Simplicial Activity Driven Model
Giovanni Petri, Alain Barrat

TL;DR
This paper introduces the Simplicial Activity Driven (SAD) model to better represent multi-node interactions in evolving complex systems, revealing significant differences in contagion dynamics compared to traditional pairwise models.
Contribution
The paper proposes the SAD model incorporating simplicial complexes for dynamic multi-agent interactions, advancing the modeling of complex systems beyond pairwise links.
Findings
Simplicial structures significantly alter disease and social contagion outcomes.
Fluctuations in multi-node interactions influence contagion processes.

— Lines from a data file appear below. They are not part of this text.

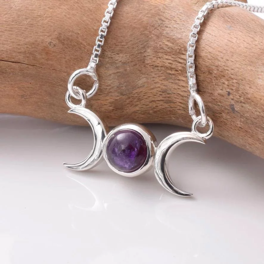 Beautiful 925 sterling silver necklace of the Triple Moon with a central Amethyst cabochongemstone representing the dark New Moon on an integral box chain.
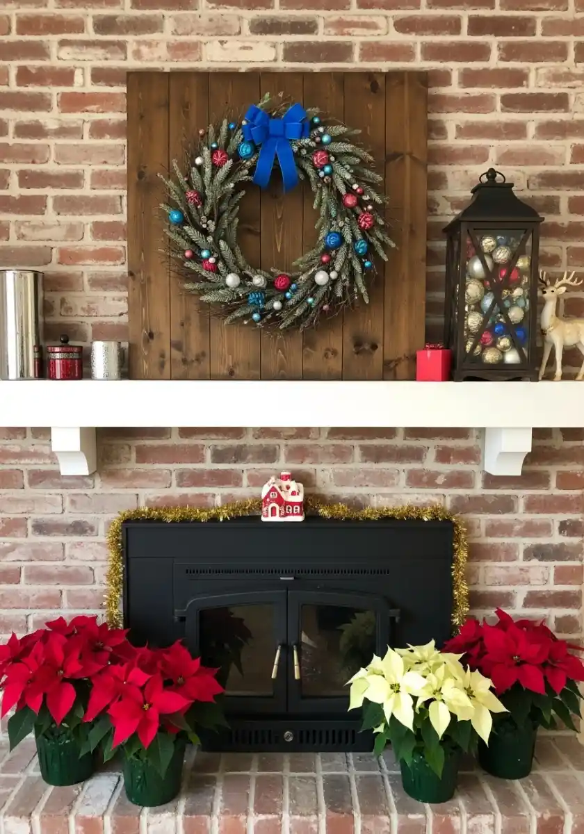 Rustic brick loves color. Here, a wood backer frames a wreath loaded with hot pink, teal, and silver baubles, plus a punchy blue bow for attitude. A lantern stuffed with more ornaments repeats the sparkle, while a tiny gold reindeer keeps things playful. Cluster red and ivory poinsettias at the hearth and wrap tinsel around your stove or screen for retro shine.
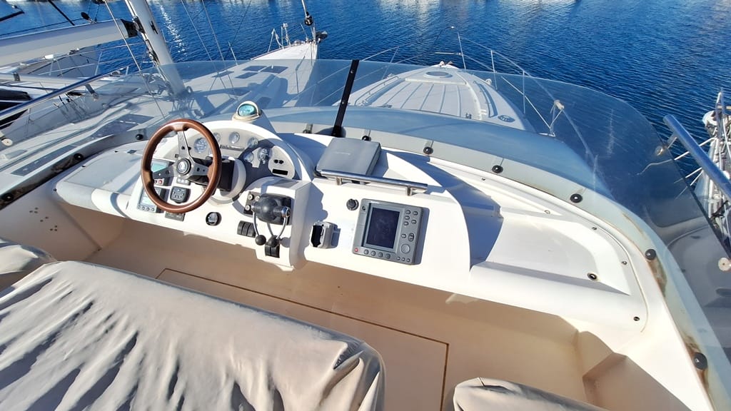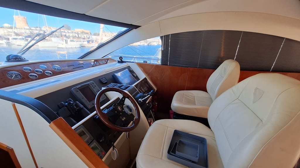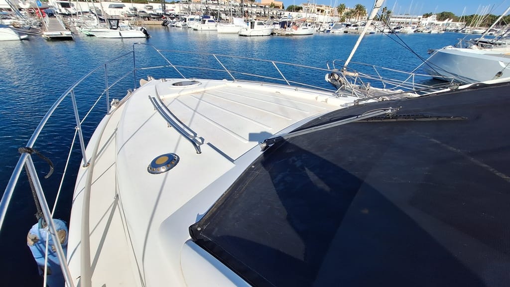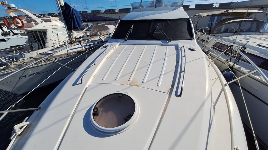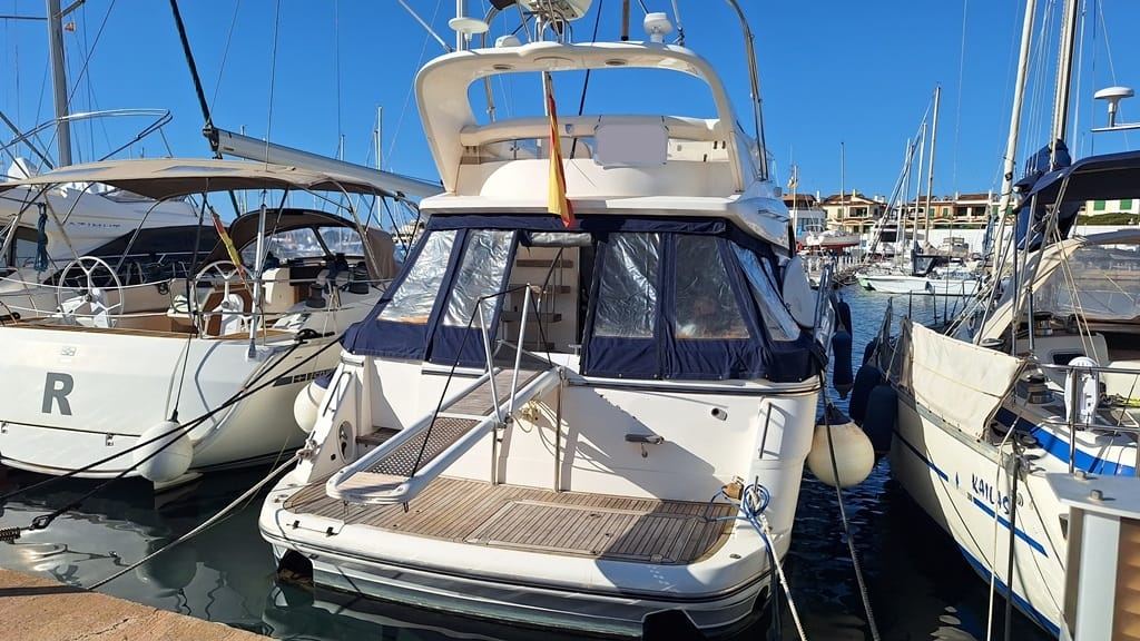 El Fairline Phantom 46 está en muy buen estado general, mantenido profesionalmente, amarrado en Mallorca y disponible para su visita.
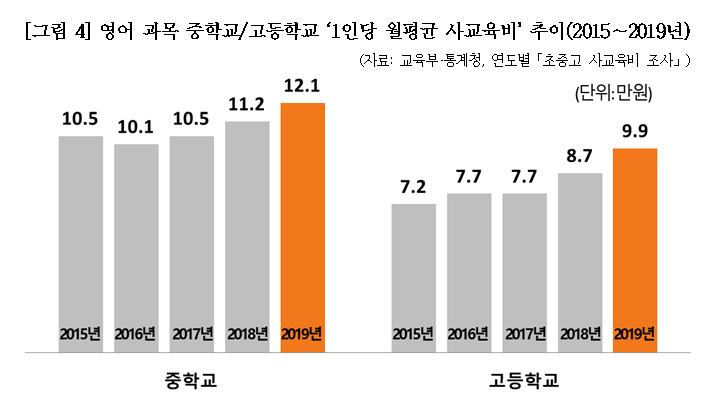 학교급별 1인당 월평균 사교육비는 초·중·고 모든 학교급에서 증가했을 뿐만 아니라, 각 학교급별 증가폭도 작년보다 크게 늘어났습니다. 2018년 사교육비 조사에서 학교급별 1인당 월평균 사교육비 증가폭은 초등학생 1.0만원(↑3.7%), 중학생 2.1만원(↑7.1%), 고등학생 3.6만원(↑12.8%)이었으나, 이번 2019년 조사결과 초등학생 2.7만원(↑10.3%), 중학생 2.6만원(↑8.4%) 고등학생 4.4만원(↑13.6%)으로 나타났습니다. 특히 고등학생의 경우 초중고 학교급 가운데 단연 많은 사교육비를 지출하고 있고, 작년에 이어 사교육비 증가폭도 가장 두드러졌습니다. 이는 2018년부터 고등학생에게 직결되는 대입 제도 및 환경에서 사교육 유발 요인이 지속 증가되고 있음을 의미합니다. ■ 특징③: 과목별 1인당 월평균 사교육비는 영어(9.4만원)가 가장 높고, 수학(9.0만원), 국어(2.3만원), 사회·과학(1.3만원)순이며, 전년대비 증가폭도 영어는 9천원(↑10.8%)으로 작년에 이어 가장 많이 증가한 과목임. 과목별 1인당 월평균 사교육비의 경우 일반 교과목은 영어(9.4만원), 수학(9.0만원), 국어(2.3만원), 사회·과학(1.3만원)순으로, 영어 사교육비가 가장 높았습니다. 이는 전년 대비 영어 9천원(↑10.8%), 수학 7천원(↑8.8%), 국어 2천원(↑11%), 사회·과학 1천원(↑12.4%) 오른 수치로, 작년에 이어 영어가 전년대비 사교육비 증가 액수도 가장 많은 과목이었습니다. 이는 2018학년도부터 도입된 수능영어 절대평가 정책이 영어 사교육비 절감이라는 취지를 실현하고 있지 못함을 의미합니다. |
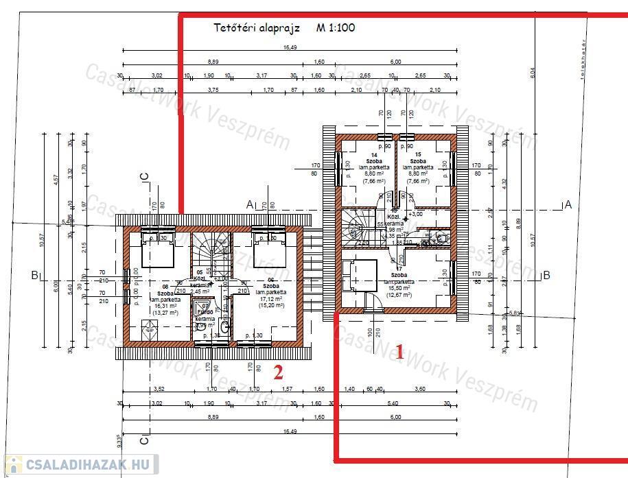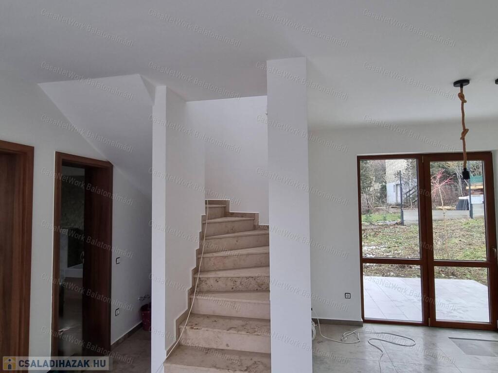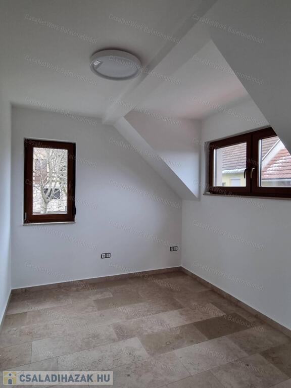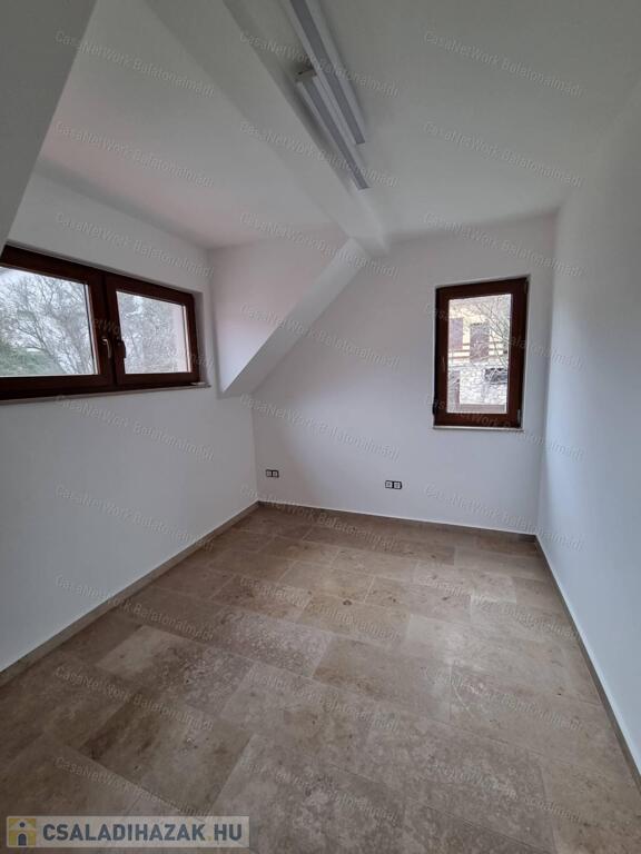 - emelet: háztartási helyiség, egy toalett, három szoba rálátással a környező tájra és a Balatonra
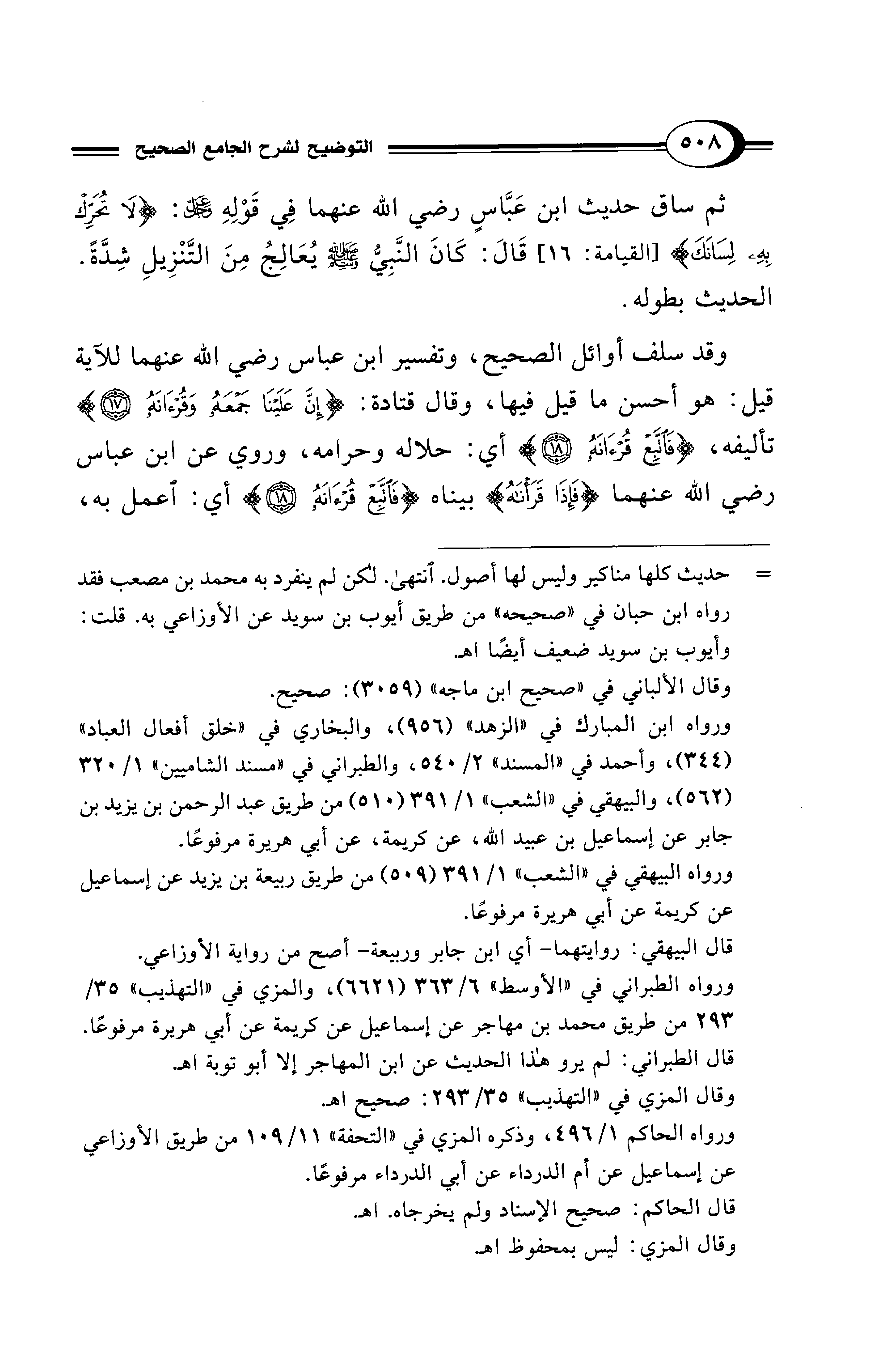 ثم ساق حديث ابن عَبَّاسٍ - رضي الله عنهما - في قَوْلِهِ -عَزَّ وَجَلَّ-: {لَا تُحَرِّكْ بِهِ لِسَانَكَ} [القيامة: 16] قَالَ: كَانَ النَّبِيَّ - صلى الله عليه وسلم - يُعَالِجُ مِنَ التَّنْزِيلِ شِدَّةً. الحديث بطوله.
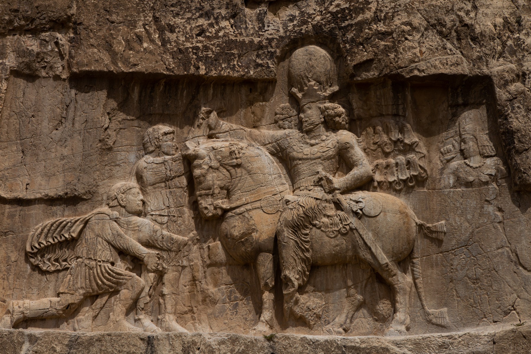 Understandably the Roman sources for the Battle of Edessa are pretty thin and they tend to blame the outcome on foreign treachery. But the defeat at Edessa wasn’t the only humiliation inflicted on the Romans during that era. The inscription on the relief at Naqsh-e Rostam tells us that, eighteen years earlier, Shapur defeated an army led by the young Roman Emperor Gordian III (Gordian appears to have been killed during or shortly after the battle). Following that victory Shapur states that he managed to extract a massive tribute from Gordian’s successor Phillip the Arab in return for ending his campaign across Armenia. Finally, in 260, he describes his victory at Edessa where his troops faced down 70,000 Roman troops and ultimately captured the Emperor Valerian. After documenting this string of triumphs Shapur assures his audience that he also conquered lots of other places but he doesn’t want to labour the point.

Social cascades can become slower and more complex on evolving simplicial complexes.
Abstract
Many complex systems find a convenient representation in terms of networks: structures made by pairwise interactions (links) of elements (nodes). For many biological and social systems, elementary interactions involve however more than two elements, and simplicial complexes are more adequate to describe such phenomena. Moreover, these interactions often change over time. Here, we propose a framework to model such an evolution: the Simplicial Activity Driven (SAD) model, in which the building block is a simplex of nodes representing a multi-agent interaction. We show analytically and numerically that the use of simplicial structures leads to crucial differences in the outcome of paradigmatic processes modelling disease propagation or social contagion, with respect to the activity-driven (AD) model, a paradigmatic temporal network model involving only binary interactions. In particular,…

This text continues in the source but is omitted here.